The Future of Neuroscience


In the current animal model of depression, a mouse is placed in a jar of water and struggles to swim to avoid drowning, in the aptly named “forced-swim” test(1). After a few minutes, the mouse stops trying to escape, instead choosing to float immobile in the water. At this point, the mouse is said to experience “behavioural despair” (the mouse loses hope to escape the stressful environment) and the mouse is then classified as suffering from “depression”. This is the standard model used to test antidepressant drugs – the time spent immobile versus swimming in mice given the drug is compared to that of controls. Clearly, this is a simplistic model with very little resemblance to the highly complex, multi-faceted disorder of clinical depression in humans. Yet, although its efficacy has long been contested(2), this is still the most common mouse model used in the majority of research into “depression”. 

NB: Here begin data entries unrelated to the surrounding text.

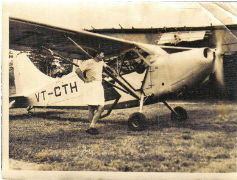
Aircraft on loan from Lucknow Flying Club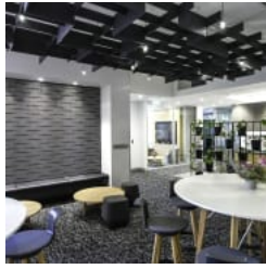
Baffle Connect Rise Low Tar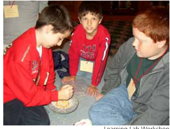
Learning Lab Workshop

the British were vulnerable. They also look at the difficult decision the French had to make and decide how they would have acted.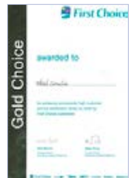
FIRST CHOICE – GOLD CHOICE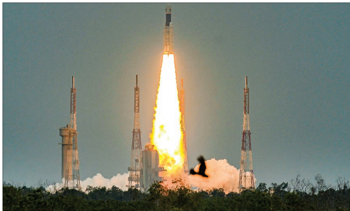
The Indian Space Research Organisation's (ISRO) Chandrayaan-2 (Moon Chariot 2), with on board the Geosynchronous Satellite Launch Vehicle (GSLV-mark III-M1), launches at the Satish Dhawan Space Centre in Sriharikota, an island off the coast of southern Andhra Pradesh state, on 22 July 2019. India launched a bid to become a leading space power on 22 July, sending up a rocket to put a craft on the surface of the Moon in what it called a "historic day" for the nation.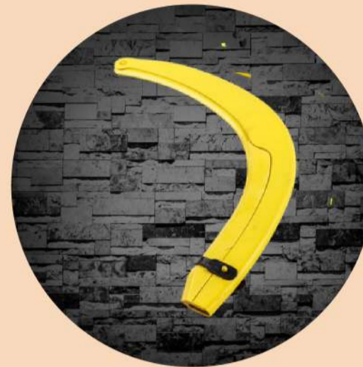
SURESAFE Sickle Cover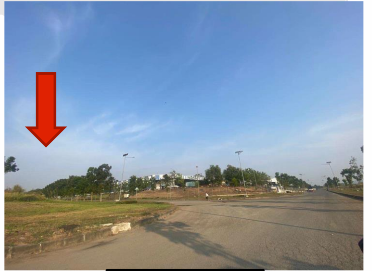
Back Left (3)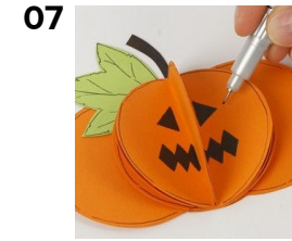
07 Draw a face with the Medallion pen. Finally make a hanging decoration hanging on a thread.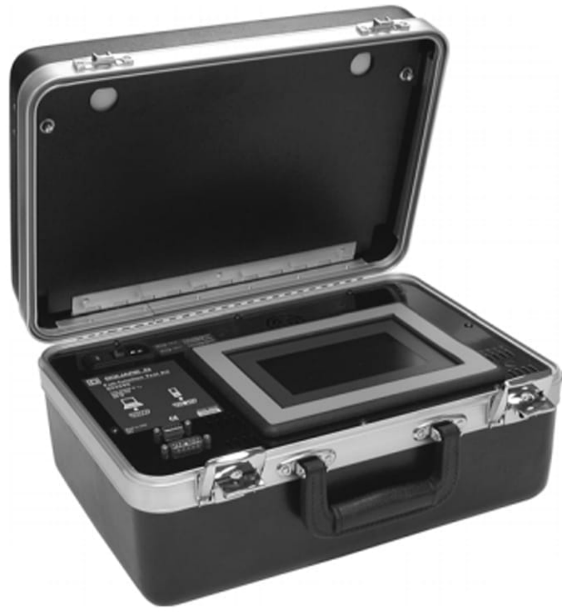
ACB Testing Kit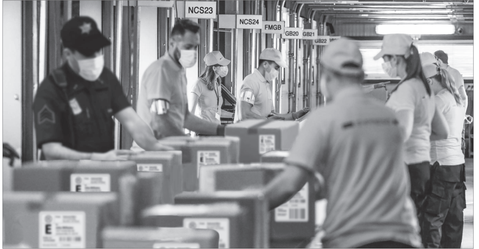
■ OREGON AREA RESIDENTS CASH IN: Pictured above and watched closely by guards are protected U.S. Coin Packages containing the valuable unsearched Vault Bags that everyone will be trying to get. It's hard to tell how much these unsearched bags loaded with rarely seen U.S. Gov't issued coins could be worth someday. That's because each Vault Bag is known to contain nearly 3 pounds of U.S. Gov't issued coins some dating back to the early 1800's, so you better believe at just $980 these Unsearched Vault Bags are a real steal.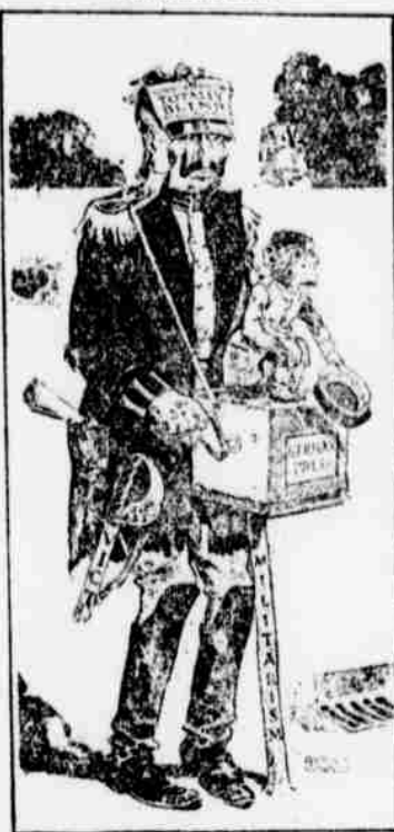
The Lost Sword

This is not just the case for depression. Many psychiatric disorders are still studied using simplistic animal models which – though important – essentially bear little resemblance to the experiences of those suffering from the disease on a daily basis. 

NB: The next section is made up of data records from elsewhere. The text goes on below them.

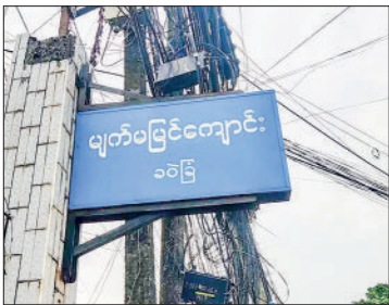
The Kawechan School for the Blind.

MANY people are interested in donating their recorded voices to Kawechan School for the Blind in Yangon's Insein Township, according to a school official. Voice donors come as individuals or groups to read out the books they like or that are available at the school.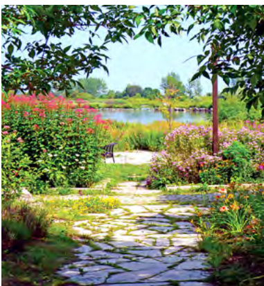
Humber Bay Butterfly Habitat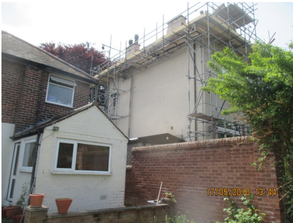
Looking west towards no. 3.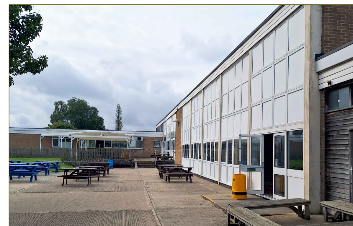
7 View along gym facade with timber infill to the foreground and glint of existing dark composite cladding in the background.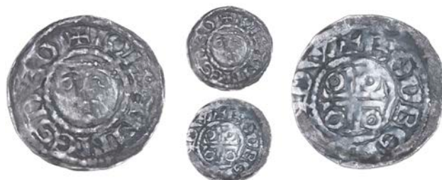
1786 Second coinage, Halfpenny, Dublin, type Ic, Robert, RODBERD : ON : DWE, obv. reads IOHANNES DEO, 0.67g/8h (S 6206; DF 40a). Reverse slightly off-centre, otherwise very fine on a full round flan £200-250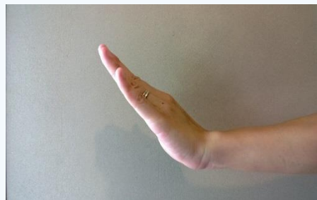
Note A (Re)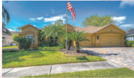
4303 Glendon Pl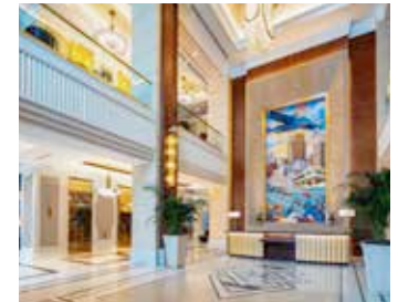
Lobby of The Higgins Hotel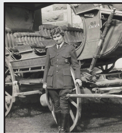
1923 - 1943 Standard NPS Uniform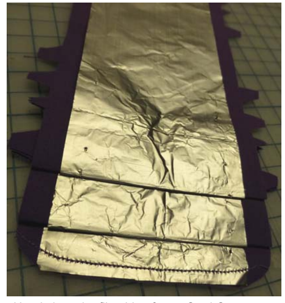
Here's how the flip-side of your Card Cozy looks after step 6.

This is getting a little easier now, right? :) So keep following steps thru step 10.

On top of this there, is a pervasive disconnect between psychology and neuroscience. It is fundamentally impossible to study affective or cognitive phenomena such as emotion or foresight using animal models, since mice, rats and monkeys are all unable to communicate what they are feeling with humans. Instead, researchers study behaviours as a proxy – for instance, what a mouse does before it gets a reward, which is largely a matter of interpretation. But we lack a way to study actual emotions in mice – which, besides, are likely vastly different subjective experiences to those of humans. While mouse models have their uses, they are generally an insufficient representation of brain disease or even normal brain function in humans. 

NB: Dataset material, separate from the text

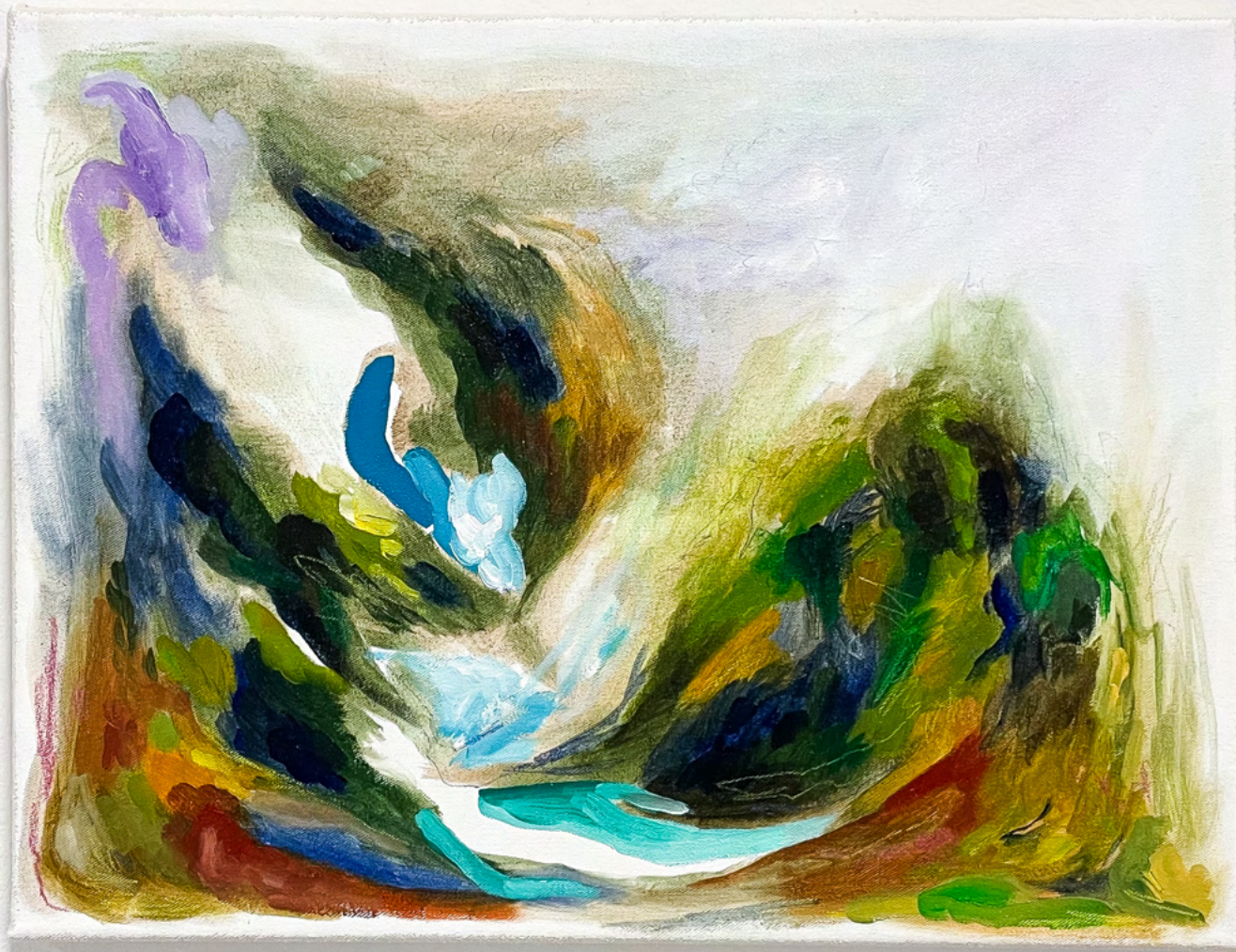
Untitled, 2024 Oil paint and coloured pencil on canvas 30 × 40 cm

It is without surprise then, that over the past 40 years there has been little improvements in the outcomes of patients with the most common brain diseases. Some pharmaceutical companies are abandoning research into drugs for psychiatric diseases altogether due to the high cost and low success rate. For example for Alzheimer’s, every time we think we have a promising new drug in development to break down the toxic amyloid plaques, we find that it fails in clinical trials, and moreover, we find that we were coming at the problem from the wrong angle altogether(3). We now know that we need to intervene long before amyloid deposits are prevalent, and long before symptoms are seen. Some research shows a portion of patients diagnosed with Alzheimer’s do not even have significantly more amyloid-β plaques in their brains than healthy controls, and amyloid pathology has been observed in cognitively healthy elderly individuals, suggesting that amyloid-driven tauopathy may at best only be part of the problem. Thus, we currently lack even an effective diagnostic criteria for neurodegenerative disorders. Treatment for Alzheimer’s is largely symptomatic; we are a long way off from understanding the root causes of the disease. Progress is slow, but we are learning. 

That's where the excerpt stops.